Complementary medicines must meet specified quality standards. This includes using Good Manufacturing Practice (GMP) principles, which ensure that the manufacturing processes are consistent and produce high-quality products.

Evidence of Efficacy

Sponsors must provide evidence supporting therapeutic claims about their products. This evidence may include clinical trial data or references to scientific literature.
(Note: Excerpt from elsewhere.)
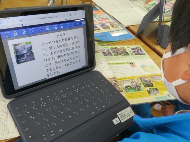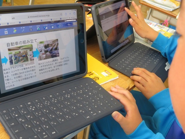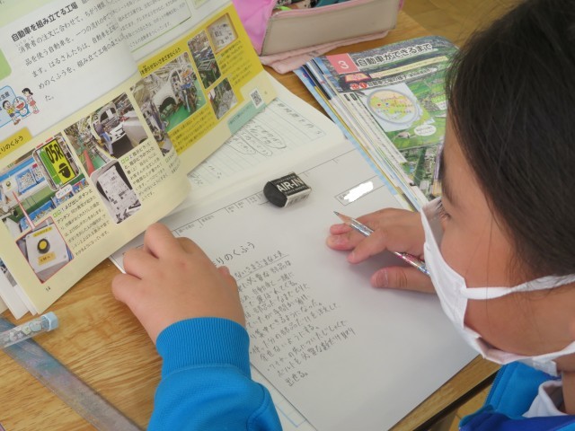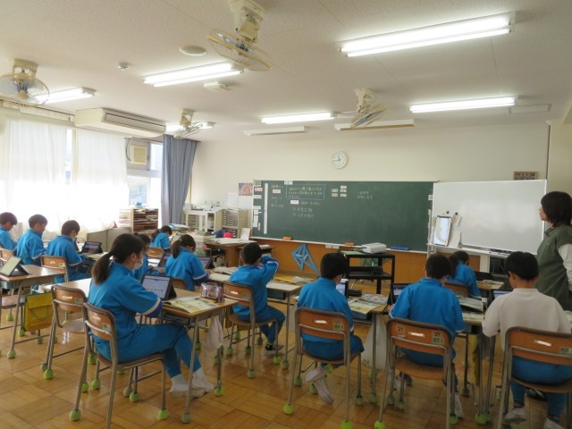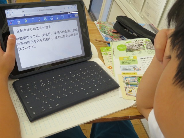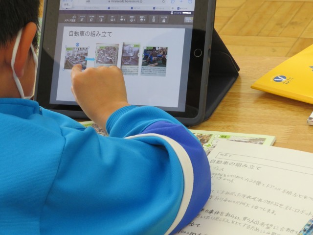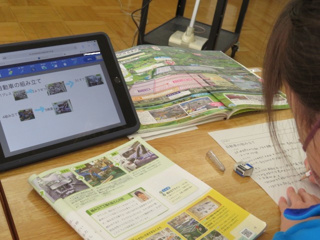 「自動車の組み立て工場で人々がどのように自動車をつくっているのか?」これが今日の学習課題です。5年生はその作業工程、働く人々の工夫や努力の2点について調べてまとめていました。ワークシート上にまとめる子、タブレット上で写真や図などを入れながらまとめる子、自分のやり方で学習を進めています。資料等からただ写すのではなく、自分できちんと読み取って理解してまとめていることがよく伝わりました。自分自身の力で「なるほどね!」「そういうことか」がうまれる学びは価値が大きいです。

Ingredients and Formulation

The Code of Practice typically addresses the acceptable ingredients in complementary medicines and the proper formulation of these products. This helps ensure that the ingredients are safe and used at appropriate concentrations.

Labelling and Packaging

Regulations often cover requirements for labelling and packaging, including accurate representation of ingredients, dosage instructions, and any therapeutic claims. Precise and accurate labelling is crucial for consumers to make informed choices.

Advertising and Promotion

The code may include guidelines on advertising and promoting complementary medicines. This helps prevent misleading or false claims and ensures that marketing materials are accurate and evidence-based.

Post-Market Monitoring

The TGA may conduct post-market monitoring to assess the ongoing safety and efficacy of complementary medicines. This includes monitoring adverse events and taking appropriate regulatory action if safety concerns arise.

Please consult the latest documents and guidelines from the TGA and our website for the most up-to-date information, and stakeholders must stay informed about any amendments or updates to the Code of Practice to ensure compliance with current regulations.